I’m sure there are tons of people out there with love stories like this. Once a cheater, always a cheater. I was warned by many people. I cheated with him, so why did I believe he wouldn’t cheat on me? 4 years of my life are gone, and I cannot stop crying. I can’t eat, I can’t sleep, I don’t want to leave my house. But I still want to talk to him. I miss him. Or who I thought he was. I believed truly that he was my soulmate. I thought we were meant to be. The worst part now is that I am embarrassed to be the stupid girl who believed him when he said he wouldn’t do it again. All my friends were right, and I was blind. I was stupid. I hate being stupid. I hate looking like a fool. I always have my act together, yet I was played.

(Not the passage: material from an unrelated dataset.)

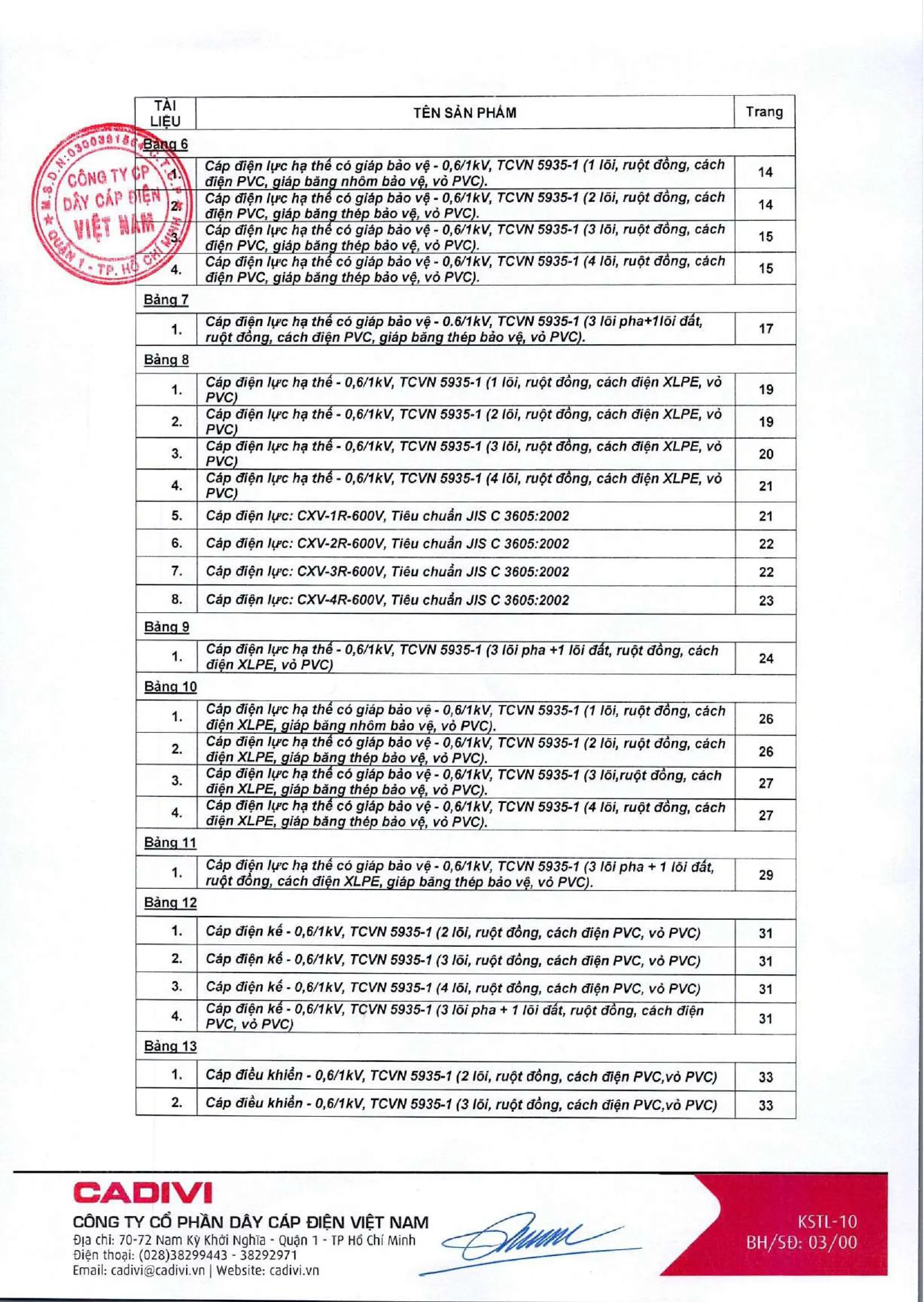 Catalog Dây Và Cáp Điện Cadivi Điện Hạ Thế

I’m writing this blog in part to get my emotions out. I need to share this story to help me cope. I also need to hear from my readers. What advice do you have to get through this? Who has been through this before and made it out okay? I truly don’t see myself with anyone else. No one has ever before shown interest in me, and let’s be honest, I’m not the prettiest girl in the world. I’m afraid that no one will ever love me again. How do you move on from this? How do I become the fun loving, spunky girl I was before? How could the most honest person in the world be betrayed like this? I need help, I need advice, I need words of encouragement. I need a friend.